Here we are two people, once broken but now whole because of His love for us and our love for one another. I like this view from the door, I like watching you wait for me as I have waited for you in my heart. I have waited to become one with you for what seems like and eternity. I heard many vows throughout my life and I’ve listened to them all. But the question remains, “How does one know, I mean truly know?”. It’s in your vows, it’s the words you speak. Not words of others, the one’s that are written in your heart, God’s Words – the only one’s that don’t return void. Each word spoken has a deep meaning and will impact our lives forever. I know without a shadow of a doubt that I want to be with you. Until death do us part, and all the times in between – I want to be there.

There is only you , the candles light the path too you, His presence surrounds us, His glory is upon us. I feel the presence of His love in the atmosphere. Here we are, you and I.  I am through running.. In my mind, I remember what this covenant and these vows mean – we are together forever, for a lifetime.  God, I am scared, but I can’t run, I won’t run. It’s been you its, always been you. Throughout time it’s been you who I’ve waited for, who I’ve seen in my dreams. It’s been you, no one else.

Do you know there were so many times I gave up on finding you, I had so much time in the wilderness. There were giants along the way.
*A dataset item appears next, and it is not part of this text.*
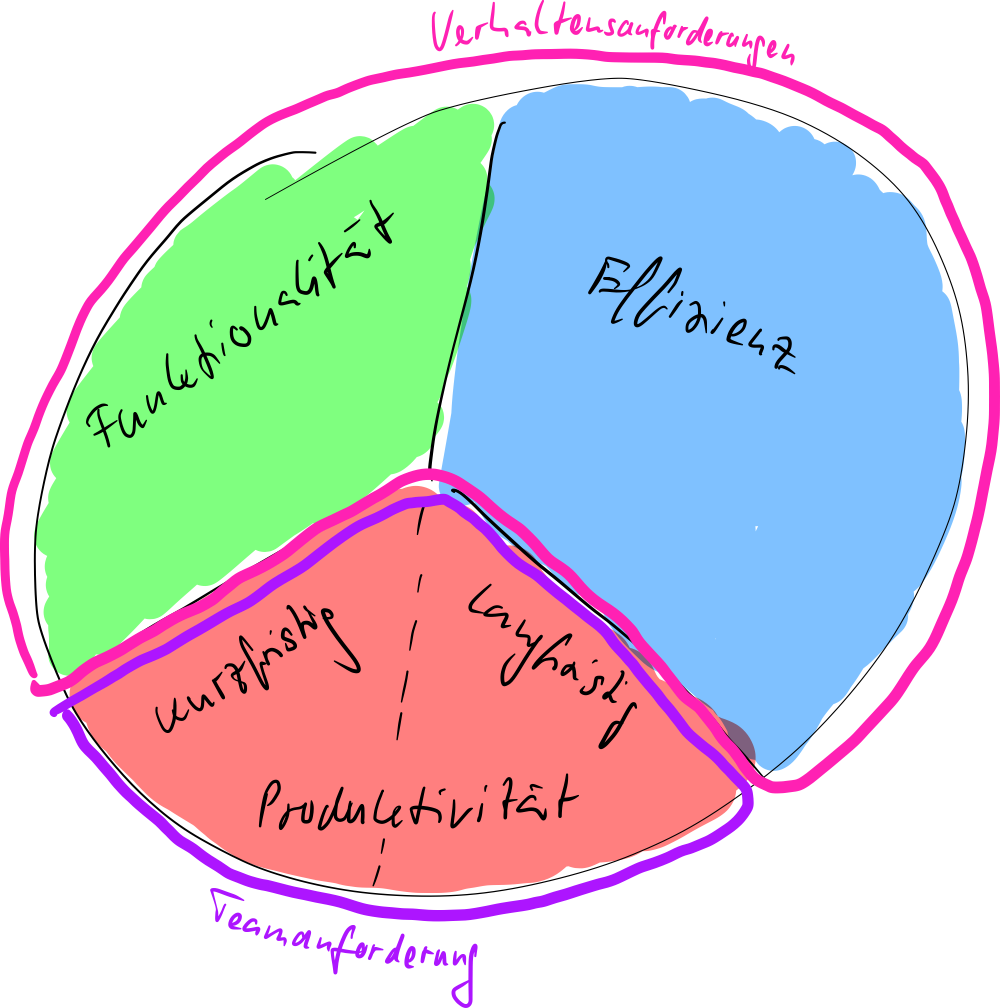 - Funktionalität allein ist allerdings nicht genug - auch das ist dir klar - und noch nicht einmal der Grund für die Beauftragung von Softwareentwicklung. Software soll vor allem nicht-funktionale Anforderungen erfüllen! Sie soll Funktionalität besser (Komparativ!) anbieten als die Alternative (z.B. bisherige Software oder der Mensch). Software soll z.B. schneller oder einfacher oder skalierbarer oder sicherer funktionieren als die Alternative. Dann hat die Effizienz von Software hohe Qualität. Das ist ebenso natürlich, dass es kaum der Rede wert ist - aber diese Anforderungen bereiten dir womöglich noch mehr Kopfschmerzen als die funktionalen.

But even though my heart and head gave up – my spirit did not. It refused to give up. I wanted to give up on love completely because I thought it would never come, that it would never happen for me. I gave up praying and I gave up wishing and even hoping you would come. There were so many who pretended to be you, and they left me with so much hurt and so much pain that I thought, “I give up, I can’t continue to put my heart out there and not have love!”.

Then  His voice whispered to my soul and said, “Not yet my child, don’t give up on what is to come. For what I have prepared for you is far more than you could imagine!”.  Funny, because I’ve imagined a lot of things.  But not you, because you don’t fit that description that my mind told me you were supposed too. So as I walk to you with my vows in my heart and in my head, I am ready.
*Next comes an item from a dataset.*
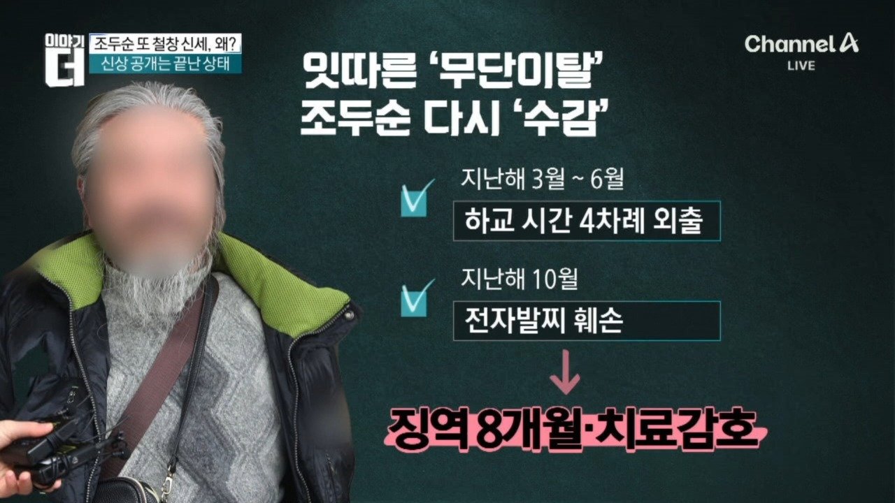 재생 0회 | 등록 2026.01.28조두순, 무단 외출 등 징역 8개월·치료감호 선고 법원 "조두순, 치료받지 않을 경우 재범의 위험" 法 "조두순, 심신미약 …

You are the promise I prayed for, the one I waited for. You are the hope that gets me through each day. My life begins today with you – for I was created to help you, to be your help mate. Today we become as one – one spirit, one soul, one complete person. You are a breath of revelations of Gods love for me. I look at you and I see God, I see His love for me. He crafted you for me. I feel as if I can breathe , and inhale your spirit. I want to take you in. I promise to love you even when I don’t like you. I promise to be your friend and your lover. I promise to be the protector of your heart. I promise not to hurt you but to protect you. When I am angry I promise to talk to you and not withdraw.  You see, I have this funny way of running and withdrawing , but with you I cant. I can’t run anymore. You know my soul and I know you don’t judge me. You accept me as the person I am and the person I aspire to be. I give you my heart and my soul – the two most precious things I own and will use to protect the walls of your heart. I see all that you are and all that you are meant to be. This day, this time in front of God – I am marrying my best friend – the one God has chosen for me.